Pediatric egg-induced anaphylaxis characteristics, outcomes described in new publication 

A team led by Moshe Ben-Shoshan has recruited the largest known cohort of egg-related anaphylaxis patients to gain insight into severe reactions to third commonest food allergy

SOURCE: McGill Health e-News

A report titled ‘Clinical Characteristics and Management of Pediatric Egg-Induced Anaphylaxis: A Cross-Sectional Study’ was recently published in Annals of Allergy, Asthma and Immunology. Researchers led by Moshe Ben-Shoshan, MD, a scientist in the Infectious Diseases and Immunity in Global Health Program at the Research Institute of the McGill University Health Centre, describe the clinical characteristics, management and outcomes of pediatric egg-induced anaphylaxis.

Egg is the third most common food allergy in children, yet data on egg-induced anaphylaxis are sparse, note the researchers. Anaphylaxis is a severe form of allergic reaction that rapidly affects multiple body systems and can be fatal. The highest incidence is in children and adolescents. According to the Canadian Institute for Health Information, in Canada approximately every 10 minutes there is an emergency department visit for food allergies, and up to 80% of anaphylactic reactions in children are triggered by food. 

Pediatric egg-induced anaphylaxis characteristics, outcomes described in new publication 
                                                                                                                                                                                              Dr. Moshe Ben-Shoshan

Common foods consumed in Canada that contain eggs include mayonnaise, casseroles, baked goods and pancakes. The McGill team reports the results of analyzed data from 302 children exhibiting anaphylaxis recruited from 13 emergency departments – the largest known published cohort of pediatric egg-induced anaphylaxis – as part of the Cross-Canada Anaphylaxis Registry. Data on anaphylaxis triggered by eggs were then extracted. Multivariate logistic regression was used to determine factors associated with pre-hospital epinephrine autoinjector use and to compare anaphylaxis triggered by egg to other triggers of food-induced anaphylaxis.

Dr. Ben-Shoshan, who is also Associate Professor at McGill University’s Department of Pediatrics in the Division of Allergy and Clinical Immunology and a physician at the Montreal Children’s Hospital says the emergency room sees about 300 cases of anaphylaxis a year. “Our anaphylaxis registry started here at the Children’s Hospital, and then extended to Ste-Justine’s, to the B.C. Children’s Hospital, and now we have Manitoba, Alberta, Newfoundland and Toronto Sick Kids on board. That allows us to uniquely analyze data that is specific for Canadians.”

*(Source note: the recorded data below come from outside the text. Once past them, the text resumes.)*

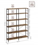 Solidny regał 6-poziomowy w stylu loftowym to połączenie funkcjonalności i industrialnego charakteru. Zestawienie brązowej płyty MDF z czarną stalową konstrukcją nadaje wnętrzu wyrazisty, nowoczesny wygląd w klimacie vintage.
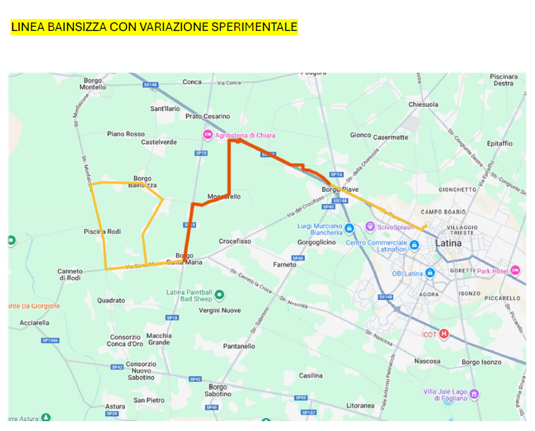 Con orari nei giorni feriali alle ore 6.30, alle 13.30 e alle 14.20. Il nuovo percorso della linea Bainsizza con variazione sperimentale, include, dalla rotonda di Borgo Piave, strada del Bastione, strada Acqua Bianca, via Ponte Rosso, via Moscarello, strada Macchia Grande e via Santa Maria, e nel percorso inverso via Santa Maria, strada Macchia Grande, via Moscarello, via Piano Rosso, strada Acqua Bianca, strada del Bastione. Con orari feriali alle ore 6.50, alle 8 (solo il sabato), alle 9.00, alle 10.15, alle 12,45, alle 13.45, alle 14.30 (solo il sabato), alle 14.45, alle 15.20, alle 17.10, alle 18. Resta inalterato il percorso della linea 209, con corse nei giorni feriali alle ore 6.45 e alle 14.20. “Per quanto riguarda gli orari – ha precisato l’assessore Di Cocco – saranno eventualmente rimodulati, sulla base delle prove di percorrenza valutate nei primi giorni di scuola, con un’intensità di traffico diversa da quella attuale”.
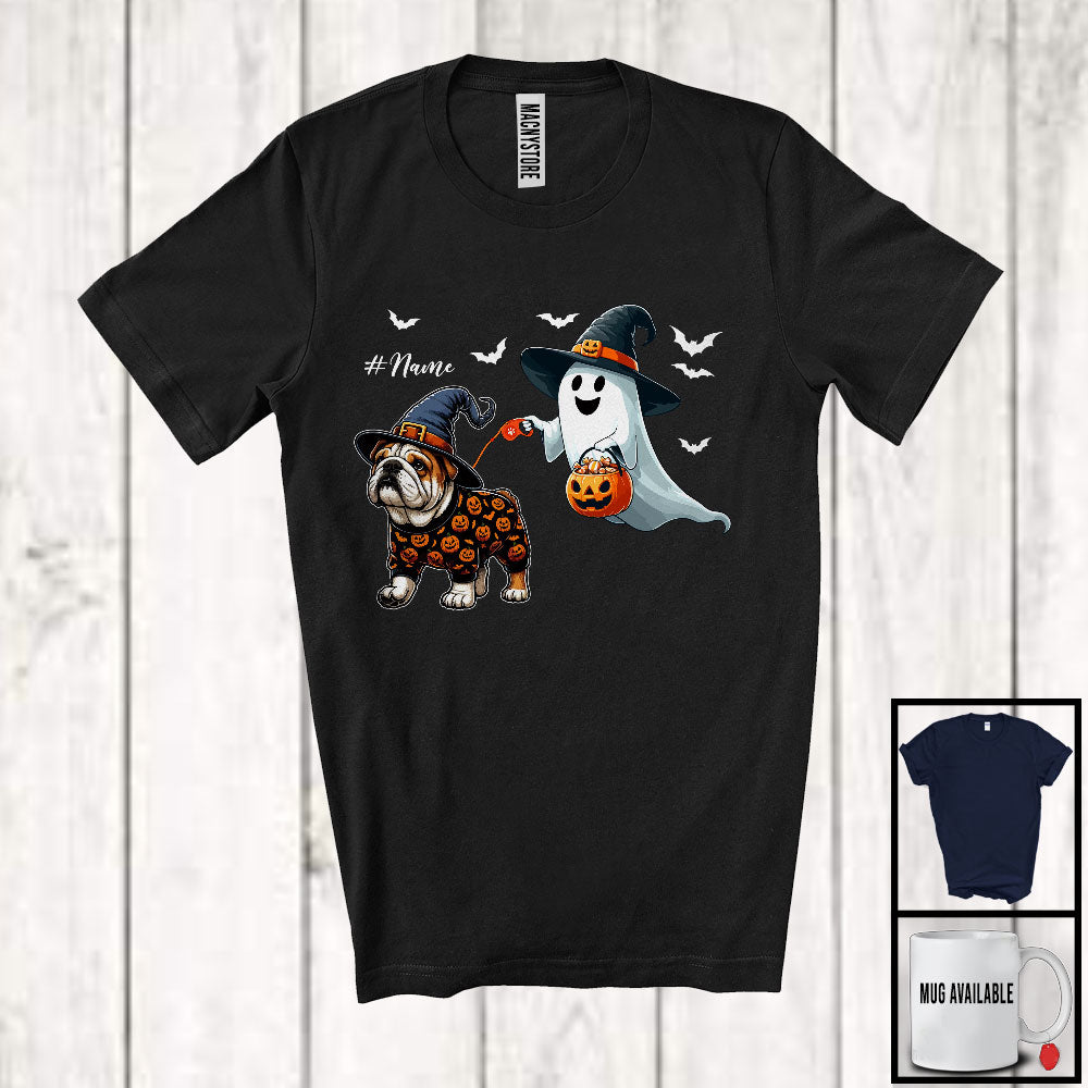 Personalized Custom Name Witch Boo Walking Bulldog; Lovely Halloween Ghost Candy T-Shirt

Parents can take precautions to protect their children from egg-induced anaphylaxis, says Dr. Ben-Shoshan. “Of the 300 children that were treated in emergency for anaphylaxis, 60% of them had no known egg allergy before. Usually, I suggest to parents that when they introduce eggs to their children, they not introduce them in raw forms. I suggest they use baked goods with egg and mix them, for example, with apple sauce.

“And the other thing to remember is when you introduce the food to the child or infant and they tolerate it, it is important to continue and incorporate it regularly in the diet at least once a week to maintain the child’s tolerance. Studies suggest that early exposure around the age of 4-6 months and continuous exposure in the first year of life are crucial to reduce the risk of food allergy.”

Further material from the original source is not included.